The software does not have to “erase itself” before any post-election test. All it has to do to “conceal itself” is not cheat during any post-election test, so that it will not be detected. And that is just a special case of the more general rule that, in order to avoid detection, malicious software should not cheat during any kind of test designed to look for software problems.
H) If the software is programmed onto a ROM (Read Only Memory) chip then you have to have physical access to the units.
This also is wrong in several ways. In the first place, all DREs are subject to software upgrades and patches, so nowadays the software is not in ROM at all. Instead they use Flash (or EEPROM) memory to hold the software and the votes. This is a vital distinction because unlike ROM, these latter types of memory are completely writable under software control, making error and fraud vastly easier.
Secondly, one does not necessarily need physical access to the software chips in order to attack them. By far the easiest mode of attack is to tamper with the software while it is in development, or during upgrades, bug fixes, or other software modifications, so that the tainted code is loaded onto the chips through the regular distribution channels. With that kind of attack, one never has to go near the voting machines, or ever set foot in the counties that use them, in order to swing elections.
The next three points presuppose that an attack requires physical access to voting machines while they are in the county’s custody. In my opinion, such attacks are not the most “attractive” ones; they would be too complex and not likely to succeed, and in any case would affect votes only in one county. The easier and more dangerous vendor insider attacks are simply not discussed here.
I) With access to the units, you must be able to remove enough of the ROMs in the units to reprogram them. This entails having enough time to either erase the ROMs installed in the units or having enough supplies of identical ROMs that you can have them preprogrammed and inserted into the units... all undetected.
As I said, the easiest attacks do not require physical access at all.
J) You then have to have access a second time to remove the “malignant” ROMs after the election and replace them with the real ones you removed (so that you can get away with the election fraud undetected).
Again, the easiest attacks do not require physical access at all.
But in any case, if an attacker has gone to the trouble to insert malignant “ROM’s” into voting machines (remember, it is Flash memory, not ROM), why would s/he need to remove it? Chips with malignant code look just like the originals, so no one will detect the replacement. It may be much better from the attacker’s point of view to leave the tainted chips in the DRE and so they can continue to do their dirty work in future elections.
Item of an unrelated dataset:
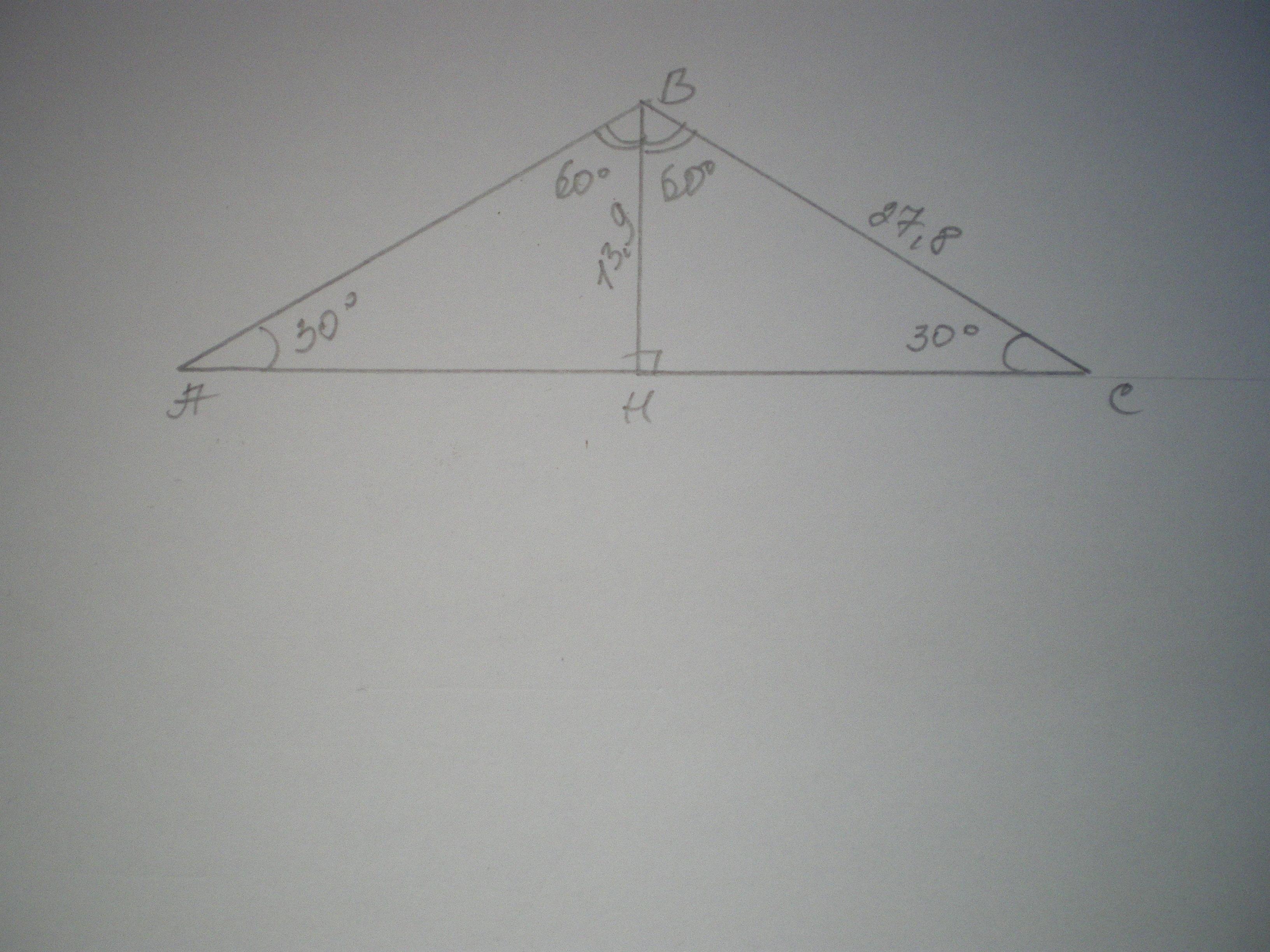 В равнобедренном треугольнике ABC проведена высота BD к основанию AC . Длина высоты — 13,9 см, длина боковой стороны — 27,8 см. Определи углы этого треугольника. ∡ BAC = ?° ∡ BCA = ?° ∡ ABC = ?

K) You have to do this not only on enough machines in one jurisdiction (unless your intent is to manipulate a local election – and why would anyone take these kinds of risks for a County Commissioner’s race, or Sheriff’s race or Mayor’s race?), but in many jurisdictions in order to steal a Congressional race or state race? And for the presidency, this would involve thousands and thousands of people...unless of course we go to one system nationally (or Internet voting).
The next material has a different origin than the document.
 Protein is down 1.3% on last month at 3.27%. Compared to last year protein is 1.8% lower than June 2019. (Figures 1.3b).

I have already mentioned that the supposition that you need physical access to the machine to corrupt it is incorrect. And it also absolutely does not require a conspiracy of “thousands” of people to affect hundreds of jurisdictions nationally. All it requires is for one type of DRE to be used in hundreds of jurisdictions, and a single corrupt programmer in a position to edit the codebase for that type of DRE. His or her malicious code will be transported and loaded into many thousands of machines through routine code distribution and loading processes.
Another unwarranted presupposition is still present in this argument: that the intent of the attack is to target a particular race. As I said before, that is not the most dangerous attack goal. It is easier and more insidious just to attack all races simultaneously, and just win many of the close ones (including, perhaps, a statewide slate of presidential electors). With vendor insider attacks, it is actually easier to attack national races than statewide races, and easier to attack statewide races than local ones.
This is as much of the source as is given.